A mi parecer, cuando los niños pierden sus ilusiones y sueños, no están creciendo, sino que están absorbiendo el cúmulo de desesperanza y frustración que los rodea. Los niños, además de una gran capacidad para percibir los diferentes matices que encuentran a su alrededor, son también muy receptivos y se «contagian» con facilidad de aquello que han observado primero. Cuando nos encontramos con pequeños sufrientes por asuntos de amor (que rara vez es amor verdadero), en realidad están replicando eso que han visto en otra parte (en el hogar, en la televisión, en el colegio, etcétera); lo mismo ocurre con los que ya no creen en los Reyes Magos o los que se conducen como si fueran los más experimentados hombres de mundo. Es verdad que hay niños a quienes la niñez les ha sido arrebatada, pero sus realidades son infinitamente más atroces; no son los pequeños que dibujan corazoncitos multicolores con expresión melancólica, sino aquellos que a sus nueve, diez o doce años cargan un fusil y saben que van a morir en cualquier enfrentamiento, a cualquier hora del día, o esos pequeños que han dejado sus juegos recreativos para complacer los perversos deseos de gente que compra sus sexos como si se tratase de un producto de supermercado. Los niños de las cómodas sociedades primermundistas no están creciendo, están aprendiendo del tedio adulto que ven todos los días. Un país como España, que está sumido en un letargo aberrante y lamentable, nos ofrece el ejemplo perfecto para esta afirmación: sus ciudadanos no tienen de qué preocuparse, su crisis es una mala burla de un problema económico que no tiene pies ni cabeza (deberían vivir las crisis americanas, para que sepan lo que es tener problemas), la preocupaciones de muchos adultos son conseguir suficiente perico esa semana para evadirse de su cómoda realidad. Los niños que crecen en este contexto reproducen los comportamientos, porque antes que todo son seres pensantes y necesitados de una identificación sólida. Está en nuestra naturaleza el clonar comportamientos.

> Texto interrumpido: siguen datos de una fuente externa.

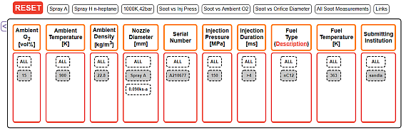 | Reference | Retrieved from Engine Combustion Network data search utility: https://ecn.sandia.gov/ecn-data-search/ Accessed on April 7, 2020. Find relevant data and information by choosing the parameters highlighted in gray below on the ECN data search utility. ![]() |
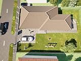 A tető Terrán Zenit cserép fedéssel készült, ami tartósságával és esztétikus megjelenésével tökéletesen illeszkedik az épület modern jellegéhez. A fűtést korszerű hőszivattyús rendszer biztosítja, amely energiatakarékos módon gondoskodik a meleg vízről és a fűtésről, így az ingatlan környezetbarát megoldást kínál. Összességében a ház minden részlete a komfortot, az energiatakarékosságot és a modern életmódot szolgálja, miközben harmonikusan illeszkedik a természetes fényviszonyokhoz.
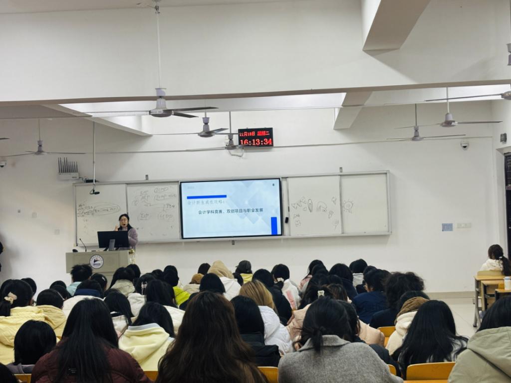 (财会金融学院 黄薇)2025年11月18日,财会金融学院在科创楼A103教室举办了一场以“会计学科竞赛、双创项目与职业发展”为主题的专题讲座,财税教研室老师汪柳主讲,旨在让学生全面了解会计学科竞赛及创新创业项目比赛,助力学生提升专业素养与实践能力,为未来职业生涯奠定坚实基础。注会2501、注会2502、新道2501班参加了本次讲座。

Pensar que el crecimiento o el envejecimiento es el culpable de la «pérdida» de la inocencia, es creer que los niños vienen en perfecto estado por default, idea enternecedora pero equivocada. Los pequeños no se autoconstruyen, sino que aprenden a autoconstruirse y a autodestruirse según lo que ven en el mundo que los rodea. No hay niños viejos sin viejos viejos. Los niños que se crían en familias que fomentan la creatividad, el diálogo y la interacción, constantemente echan a volar la imaginación y recrean su entorno en incontables ocasiones; por el contrario, los que crecen desatendidos, tienden a desarrollar conductas que atraigan la atención y que opaquen el sentimiento de soledad que los anega. Esas pequeñas que a sus doce años lloran por sus novios no están amando verdaderamente, lo más seguro es que ni siquiera sepan en qué consiste amar (y no porque exista una fórmula para ello, sino porque el amor verdadero es maduro y… lloriquear por el novio de dos semanas ciertamente no refleja demasiada madurez), sino que están copiando las reacciones exageradas de sus hermanas mayores, de sus madres o de las protagonistas de la telenovela de moda.
Tendríamos que empezar a pensar más lógica y racionalmente y menos fantásticamente, no porque la imaginación y la fantasía deban desterrarse, sino porque su función no es la de analizar la sociedad para su mejoría. No es preocupante que los niños estén como los vemos si, a final de cuentas, son el reflejo de lo que somos. Lo preocupante es que sigamos sin mejorar nuestra vida, depositando la responsabilidad de soñar en quienes lo aprenden de nosotros.